§ **Work task**: An identical transcription of the records is required.

[Stored records]
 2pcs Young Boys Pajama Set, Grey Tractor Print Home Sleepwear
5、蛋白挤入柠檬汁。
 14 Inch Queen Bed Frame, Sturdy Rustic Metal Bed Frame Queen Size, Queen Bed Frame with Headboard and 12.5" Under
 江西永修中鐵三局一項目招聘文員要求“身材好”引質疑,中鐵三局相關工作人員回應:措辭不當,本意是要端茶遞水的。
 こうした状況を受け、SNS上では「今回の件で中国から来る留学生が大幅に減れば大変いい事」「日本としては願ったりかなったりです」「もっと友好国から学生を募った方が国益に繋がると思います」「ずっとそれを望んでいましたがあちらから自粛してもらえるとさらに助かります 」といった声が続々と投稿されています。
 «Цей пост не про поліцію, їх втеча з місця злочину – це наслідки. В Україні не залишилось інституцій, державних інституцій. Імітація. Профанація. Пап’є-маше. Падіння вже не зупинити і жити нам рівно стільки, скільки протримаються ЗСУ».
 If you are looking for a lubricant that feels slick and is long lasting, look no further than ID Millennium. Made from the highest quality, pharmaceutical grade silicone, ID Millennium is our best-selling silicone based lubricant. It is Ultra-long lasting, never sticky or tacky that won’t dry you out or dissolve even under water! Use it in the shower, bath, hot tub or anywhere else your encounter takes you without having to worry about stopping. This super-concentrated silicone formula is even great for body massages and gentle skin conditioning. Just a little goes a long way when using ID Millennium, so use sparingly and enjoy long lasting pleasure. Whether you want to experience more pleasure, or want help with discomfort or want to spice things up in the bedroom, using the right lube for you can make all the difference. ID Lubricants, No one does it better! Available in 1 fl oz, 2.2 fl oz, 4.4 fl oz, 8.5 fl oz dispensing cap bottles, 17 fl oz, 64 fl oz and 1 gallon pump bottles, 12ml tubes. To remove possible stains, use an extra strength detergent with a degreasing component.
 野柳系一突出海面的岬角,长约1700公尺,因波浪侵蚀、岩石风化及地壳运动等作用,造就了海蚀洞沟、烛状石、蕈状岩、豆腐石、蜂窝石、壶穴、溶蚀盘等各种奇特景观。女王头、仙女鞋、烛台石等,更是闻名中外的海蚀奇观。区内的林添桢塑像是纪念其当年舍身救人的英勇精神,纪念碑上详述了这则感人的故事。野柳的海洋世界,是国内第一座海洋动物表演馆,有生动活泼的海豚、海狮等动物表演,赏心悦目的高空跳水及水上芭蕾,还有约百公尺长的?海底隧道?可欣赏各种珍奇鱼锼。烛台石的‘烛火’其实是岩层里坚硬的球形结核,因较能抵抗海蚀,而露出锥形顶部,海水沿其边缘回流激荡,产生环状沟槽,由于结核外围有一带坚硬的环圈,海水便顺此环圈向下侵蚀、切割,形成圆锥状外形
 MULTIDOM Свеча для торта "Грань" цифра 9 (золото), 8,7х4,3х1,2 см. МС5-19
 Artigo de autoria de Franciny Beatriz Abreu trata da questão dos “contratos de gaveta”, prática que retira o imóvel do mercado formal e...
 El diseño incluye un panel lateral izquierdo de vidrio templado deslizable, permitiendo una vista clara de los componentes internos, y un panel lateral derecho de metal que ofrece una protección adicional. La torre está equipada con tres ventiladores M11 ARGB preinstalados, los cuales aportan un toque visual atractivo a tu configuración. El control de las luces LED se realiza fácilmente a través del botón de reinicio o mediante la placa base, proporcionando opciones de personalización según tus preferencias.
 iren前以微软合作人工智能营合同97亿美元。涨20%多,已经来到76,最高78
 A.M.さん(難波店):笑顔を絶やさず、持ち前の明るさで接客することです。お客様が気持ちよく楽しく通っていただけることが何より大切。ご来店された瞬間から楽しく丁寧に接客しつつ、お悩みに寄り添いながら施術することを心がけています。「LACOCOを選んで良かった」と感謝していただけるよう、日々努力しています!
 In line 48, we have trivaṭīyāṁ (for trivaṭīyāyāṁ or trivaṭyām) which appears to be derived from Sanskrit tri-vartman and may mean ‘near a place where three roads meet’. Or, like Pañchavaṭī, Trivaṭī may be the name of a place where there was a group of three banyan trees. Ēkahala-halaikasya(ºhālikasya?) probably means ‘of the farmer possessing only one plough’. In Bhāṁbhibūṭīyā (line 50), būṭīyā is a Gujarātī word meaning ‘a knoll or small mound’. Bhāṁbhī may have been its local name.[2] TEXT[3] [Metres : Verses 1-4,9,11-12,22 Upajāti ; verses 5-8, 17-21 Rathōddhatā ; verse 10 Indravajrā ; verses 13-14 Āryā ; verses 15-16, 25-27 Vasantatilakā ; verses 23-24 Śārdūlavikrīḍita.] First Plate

§ **Result of this task**:
 2pcs Young Boys Pajama Set, Grey Tractor Print Home Sleepwear
5、蛋白挤入柠檬汁。
 14 Inch Queen Bed Frame, Sturdy Rustic Metal Bed Frame Queen Size, Queen Bed Frame with Headboard and 12.5" Under
 江西永修中鐵三局一項目招聘文員要求“身材好”引質疑,中鐵三局相關工作人員回應:措辭不當,本意是要端茶遞水的。
 こうした状況を受け、SNS上では「今回の件で中国から来る留学生が大幅に減れば大変いい事」「日本としては願ったりかなったりです」「もっと友好国から学生を募った方が国益に繋がると思います」「ずっとそれを望んでいましたがあちらから自粛してもらえるとさらに助かります 」といった声が続々と投稿されています。
 «Цей пост не про поліцію, їх втеча з місця злочину – це наслідки. В Україні не залишилось інституцій, державних інституцій. Імітація. Профанація. Пап’є-маше. Падіння вже не зупинити і жити нам рівно стільки, скільки протримаються ЗСУ».
 If you are looking for a lubricant that feels slick and is long lasting, look no further than ID Millennium. Made from the highest quality, pharmaceutical grade silicone, ID Millennium is our best-selling silicone based lubricant. It is Ultra-long lasting, never sticky or tacky that won’t dry you out or dissolve even under water! Use it in the shower, bath, hot tub or anywhere else your encounter takes you without having to worry about stopping. This super-concentrated silicone formula is even great for body massages and gentle skin conditioning. Just a little goes a long way when using ID Millennium, so use sparingly and enjoy long lasting pleasure. Whether you want to experience more pleasure, or want help with discomfort or want to spice things up in the bedroom, using the right lube for you can make all the difference. ID Lubricants, No one does it better! Available in 1 fl oz, 2.2 fl oz, 4.4 fl oz, 8.5 fl oz dispensing cap bottles, 17 fl oz, 64 fl oz and 1 gallon pump bottles, 12ml tubes. To remove possible stains, use an extra strength detergent with a degreasing component.
 野柳系一突出海面的岬角,长约1700公尺,因波浪侵蚀、岩石风化及地壳运动等作用,造就了海蚀洞沟、烛状石、蕈状岩、豆腐石、蜂窝石、壶穴、溶蚀盘等各种奇特景观。女王头、仙女鞋、烛台石等,更是闻名中外的海蚀奇观。区内的林添桢塑像是纪念其当年舍身救人的英勇精神,纪念碑上详述了这则感人的故事。野柳的海洋世界,是国内第一座海洋动物表演馆,有生动活泼的海豚、海狮等动物表演,赏心悦目的高空跳水及水上芭蕾,还有约百公尺长的?海底隧道?可欣赏各种珍奇鱼锼。烛台石的‘烛火’其实是岩层里坚硬的球形结核,因较能抵抗海蚀,而露出锥形顶部,海水沿其边缘回流激荡,产生环状沟槽,由于结核外围有一带坚硬的环圈,海水便顺此环圈向下侵蚀、切割,形成圆锥状外形
 MULTIDOM Свеча для торта "Грань" цифра 9 (золото), 8,7х4,3х1,2 см. МС5-19
 Artigo de autoria de Franciny Beatriz Abreu trata da questão dos “contratos de gaveta”, prática que retira o imóvel do mercado formal e...
 El diseño incluye un panel lateral izquierdo de vidrio templado deslizable, permitiendo una vista clara de los componentes internos, y un panel lateral derecho de metal que ofrece una protección adicional. La torre está equipada con tres ventiladores M11 ARGB preinstalados, los cuales aportan un toque visual atractivo a tu configuración. El control de las luces LED se realiza fácilmente a través del botón de reinicio o mediante la placa base, proporcionando opciones de personalización según tus preferencias.
 iren前以微软合作人工智能营合同97亿美元。涨20%多,已经来到76,最高78
 A.M.さん(難波店):笑顔を絶やさず、持ち前の明るさで接客することです。お客様が気持ちよく楽しく通っていただけることが何より大切。ご来店された瞬間から楽しく丁寧に接客しつつ、お悩みに寄り添いながら施術することを心がけています。「LACOCOを選んで良かった」と感謝していただけるよう、日々努力しています!
 In line 48, we have trivaṭīyāṁ (for trivaṭīyāyāṁ or trivaṭyām) which appears to be derived from Sanskrit tri-vartman and may mean ‘near a place where three roads meet’. Or, like Pañchavaṭī, Trivaṭī may be the name of a place where there was a group of three banyan trees. Ēkahala-halaikasya(ºhālikasya?) probably means ‘of the farmer possessing only one plough’. In Bhāṁbhibūṭīyā (line 50), būṭīyā is a Gujarātī word meaning ‘a knoll or small mound’. Bhāṁbhī may have been its local name.[2] TEXT[3] [Metres : Verses 1-4,9,11-12,22 Upajāti ; verses 5-8, 17-21 Rathōddhatā ; verse 10 Indravajrā ; verses 13-14 Āryā ; verses 15-16, 25-27 Vasantatilakā ; verses 23-24 Śārdūlavikrīḍita.] First Plate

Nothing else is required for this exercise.